*** Opening of Study material ***
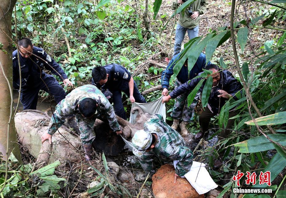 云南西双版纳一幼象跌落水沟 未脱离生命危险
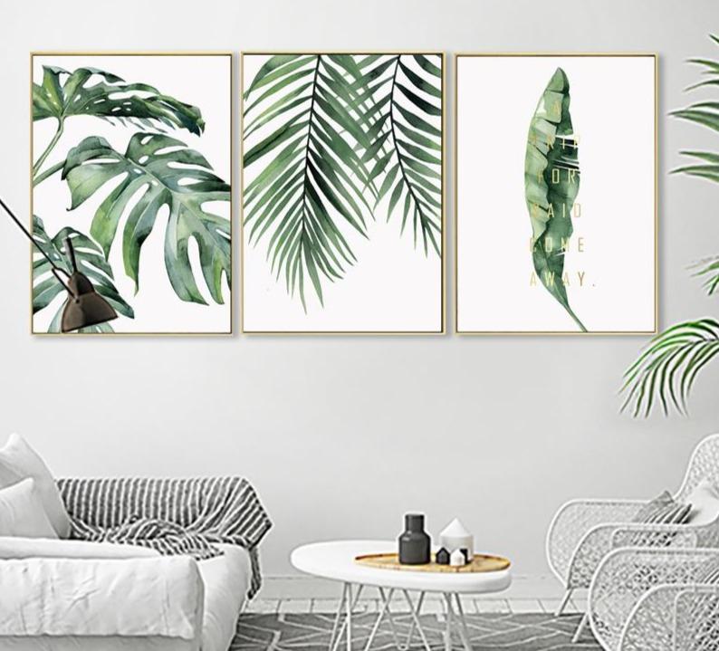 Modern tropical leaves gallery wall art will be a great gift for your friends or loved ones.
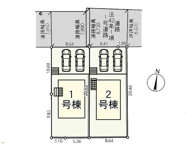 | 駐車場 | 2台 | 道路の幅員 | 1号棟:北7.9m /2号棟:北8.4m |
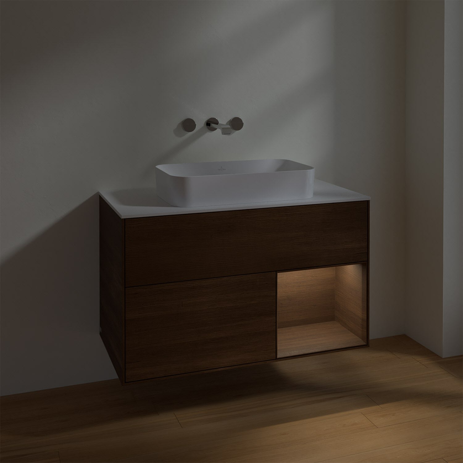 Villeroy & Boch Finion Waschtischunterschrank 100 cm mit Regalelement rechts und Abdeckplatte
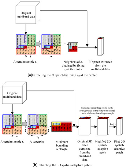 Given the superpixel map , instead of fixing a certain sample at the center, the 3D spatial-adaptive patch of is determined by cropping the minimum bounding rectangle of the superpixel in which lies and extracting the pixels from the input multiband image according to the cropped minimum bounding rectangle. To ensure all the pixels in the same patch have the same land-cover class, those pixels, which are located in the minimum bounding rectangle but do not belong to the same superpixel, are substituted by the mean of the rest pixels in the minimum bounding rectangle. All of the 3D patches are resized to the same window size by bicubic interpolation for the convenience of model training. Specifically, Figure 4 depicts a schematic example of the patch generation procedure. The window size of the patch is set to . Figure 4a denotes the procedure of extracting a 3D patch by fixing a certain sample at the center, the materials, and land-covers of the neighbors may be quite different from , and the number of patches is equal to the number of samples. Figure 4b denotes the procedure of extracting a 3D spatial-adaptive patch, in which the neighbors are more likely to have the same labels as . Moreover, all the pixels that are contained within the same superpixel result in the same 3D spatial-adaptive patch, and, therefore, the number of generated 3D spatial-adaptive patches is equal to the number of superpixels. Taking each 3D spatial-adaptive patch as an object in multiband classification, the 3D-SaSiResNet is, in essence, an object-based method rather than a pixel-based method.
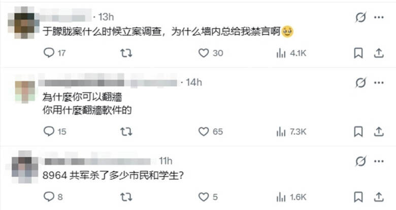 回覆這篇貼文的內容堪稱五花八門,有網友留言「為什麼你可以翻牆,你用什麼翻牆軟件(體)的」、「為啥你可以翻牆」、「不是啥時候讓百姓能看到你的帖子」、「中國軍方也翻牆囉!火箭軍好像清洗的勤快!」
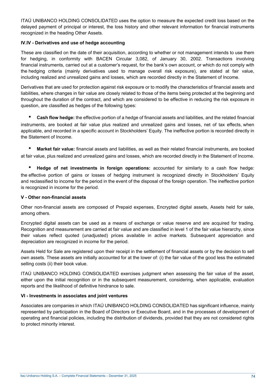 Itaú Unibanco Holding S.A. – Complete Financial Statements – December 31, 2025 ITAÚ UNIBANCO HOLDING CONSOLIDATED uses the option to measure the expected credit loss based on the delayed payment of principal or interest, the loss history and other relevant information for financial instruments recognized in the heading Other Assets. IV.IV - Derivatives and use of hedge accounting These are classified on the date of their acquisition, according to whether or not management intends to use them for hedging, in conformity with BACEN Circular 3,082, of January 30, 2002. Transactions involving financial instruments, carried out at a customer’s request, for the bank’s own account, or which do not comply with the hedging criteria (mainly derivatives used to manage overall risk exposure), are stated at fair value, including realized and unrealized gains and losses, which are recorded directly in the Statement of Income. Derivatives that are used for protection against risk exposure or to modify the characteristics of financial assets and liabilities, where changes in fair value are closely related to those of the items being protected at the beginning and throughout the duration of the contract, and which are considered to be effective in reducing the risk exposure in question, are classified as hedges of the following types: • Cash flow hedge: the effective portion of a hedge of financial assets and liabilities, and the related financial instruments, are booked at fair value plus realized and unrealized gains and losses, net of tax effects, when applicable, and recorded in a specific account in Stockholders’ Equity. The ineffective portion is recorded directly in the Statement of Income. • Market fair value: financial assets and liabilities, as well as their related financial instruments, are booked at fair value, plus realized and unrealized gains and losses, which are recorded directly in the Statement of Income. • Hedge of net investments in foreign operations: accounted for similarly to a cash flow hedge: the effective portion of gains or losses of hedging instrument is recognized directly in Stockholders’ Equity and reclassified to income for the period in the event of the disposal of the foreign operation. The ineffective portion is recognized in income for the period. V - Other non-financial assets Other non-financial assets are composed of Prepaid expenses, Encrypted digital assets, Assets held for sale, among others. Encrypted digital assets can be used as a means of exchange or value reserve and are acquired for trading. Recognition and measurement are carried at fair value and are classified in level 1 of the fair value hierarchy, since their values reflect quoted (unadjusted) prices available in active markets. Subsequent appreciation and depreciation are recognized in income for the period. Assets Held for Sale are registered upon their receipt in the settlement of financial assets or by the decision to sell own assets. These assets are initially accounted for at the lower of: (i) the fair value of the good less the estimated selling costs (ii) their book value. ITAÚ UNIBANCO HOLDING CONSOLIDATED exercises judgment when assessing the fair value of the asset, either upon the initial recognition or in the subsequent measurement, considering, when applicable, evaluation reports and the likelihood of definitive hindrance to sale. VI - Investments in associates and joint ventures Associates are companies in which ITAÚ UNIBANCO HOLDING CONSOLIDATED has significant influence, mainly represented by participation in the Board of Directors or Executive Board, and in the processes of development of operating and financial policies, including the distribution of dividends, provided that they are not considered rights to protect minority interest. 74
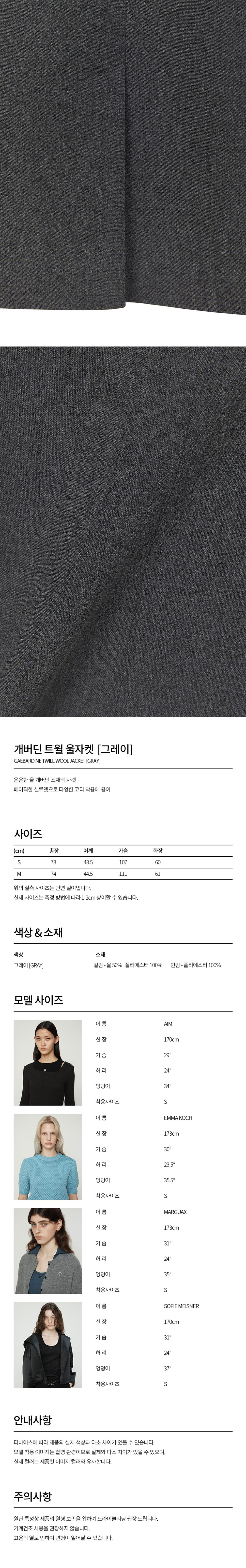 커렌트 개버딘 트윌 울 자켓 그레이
*** Close of Study material ***
### Problem to solve
The data above needs to be retyped exactly, with the images left out.

### The answer
 云南西双版纳一幼象跌落水沟 未脱离生命危险
 Modern tropical leaves gallery wall art will be a great gift for your friends or loved ones.
 | 駐車場 | 2台 | 道路の幅員 | 1号棟:北7.9m /2号棟:北8.4m |
 Villeroy & Boch Finion Waschtischunterschrank 100 cm mit Regalelement rechts und Abdeckplatte
 Given the superpixel map , instead of fixing a certain sample at the center, the 3D spatial-adaptive patch of is determined by cropping the minimum bounding rectangle of the superpixel in which lies and extracting the pixels from the input multiband image according to the cropped minimum bounding rectangle. To ensure all the pixels in the same patch have the same land-cover class, those pixels, which are located in the minimum bounding rectangle but do not belong to the same superpixel, are substituted by the mean of the rest pixels in the minimum bounding rectangle. All of the 3D patches are resized to the same window size by bicubic interpolation for the convenience of model training. Specifically, Figure 4 depicts a schematic example of the patch generation procedure. The window size of the patch is set to . Figure 4a denotes the procedure of extracting a 3D patch by fixing a certain sample at the center, the materials, and land-covers of the neighbors may be quite different from , and the number of patches is equal to the number of samples. Figure 4b denotes the procedure of extracting a 3D spatial-adaptive patch, in which the neighbors are more likely to have the same labels as . Moreover, all the pixels that are contained within the same superpixel result in the same 3D spatial-adaptive patch, and, therefore, the number of generated 3D spatial-adaptive patches is equal to the number of superpixels. Taking each 3D spatial-adaptive patch as an object in multiband classification, the 3D-SaSiResNet is, in essence, an object-based method rather than a pixel-based method.
 回覆這篇貼文的內容堪稱五花八門,有網友留言「為什麼你可以翻牆,你用什麼翻牆軟件(體)的」、「為啥你可以翻牆」、「不是啥時候讓百姓能看到你的帖子」、「中國軍方也翻牆囉!火箭軍好像清洗的勤快!」
 Itaú Unibanco Holding S.A. – Complete Financial Statements – December 31, 2025 ITAÚ UNIBANCO HOLDING CONSOLIDATED uses the option to measure the expected credit loss based on the delayed payment of principal or interest, the loss history and other relevant information for financial instruments recognized in the heading Other Assets. IV.IV - Derivatives and use of hedge accounting These are classified on the date of their acquisition, according to whether or not management intends to use them for hedging, in conformity with BACEN Circular 3,082, of January 30, 2002. Transactions involving financial instruments, carried out at a customer’s request, for the bank’s own account, or which do not comply with the hedging criteria (mainly derivatives used to manage overall risk exposure), are stated at fair value, including realized and unrealized gains and losses, which are recorded directly in the Statement of Income. Derivatives that are used for protection against risk exposure or to modify the characteristics of financial assets and liabilities, where changes in fair value are closely related to those of the items being protected at the beginning and throughout the duration of the contract, and which are considered to be effective in reducing the risk exposure in question, are classified as hedges of the following types: • Cash flow hedge: the effective portion of a hedge of financial assets and liabilities, and the related financial instruments, are booked at fair value plus realized and unrealized gains and losses, net of tax effects, when applicable, and recorded in a specific account in Stockholders’ Equity. The ineffective portion is recorded directly in the Statement of Income. • Market fair value: financial assets and liabilities, as well as their related financial instruments, are booked at fair value, plus realized and unrealized gains and losses, which are recorded directly in the Statement of Income. • Hedge of net investments in foreign operations: accounted for similarly to a cash flow hedge: the effective portion of gains or losses of hedging instrument is recognized directly in Stockholders’ Equity and reclassified to income for the period in the event of the disposal of the foreign operation. The ineffective portion is recognized in income for the period. V - Other non-financial assets Other non-financial assets are composed of Prepaid expenses, Encrypted digital assets, Assets held for sale, among others. Encrypted digital assets can be used as a means of exchange or value reserve and are acquired for trading. Recognition and measurement are carried at fair value and are classified in level 1 of the fair value hierarchy, since their values reflect quoted (unadjusted) prices available in active markets. Subsequent appreciation and depreciation are recognized in income for the period. Assets Held for Sale are registered upon their receipt in the settlement of financial assets or by the decision to sell own assets. These assets are initially accounted for at the lower of: (i) the fair value of the good less the estimated selling costs (ii) their book value. ITAÚ UNIBANCO HOLDING CONSOLIDATED exercises judgment when assessing the fair value of the asset, either upon the initial recognition or in the subsequent measurement, considering, when applicable, evaluation reports and the likelihood of definitive hindrance to sale. VI - Investments in associates and joint ventures Associates are companies in which ITAÚ UNIBANCO HOLDING CONSOLIDATED has significant influence, mainly represented by participation in the Board of Directors or Executive Board, and in the processes of development of operating and financial policies, including the distribution of dividends, provided that they are not considered rights to protect minority interest. 74
 커렌트 개버딘 트윌 울 자켓 그레이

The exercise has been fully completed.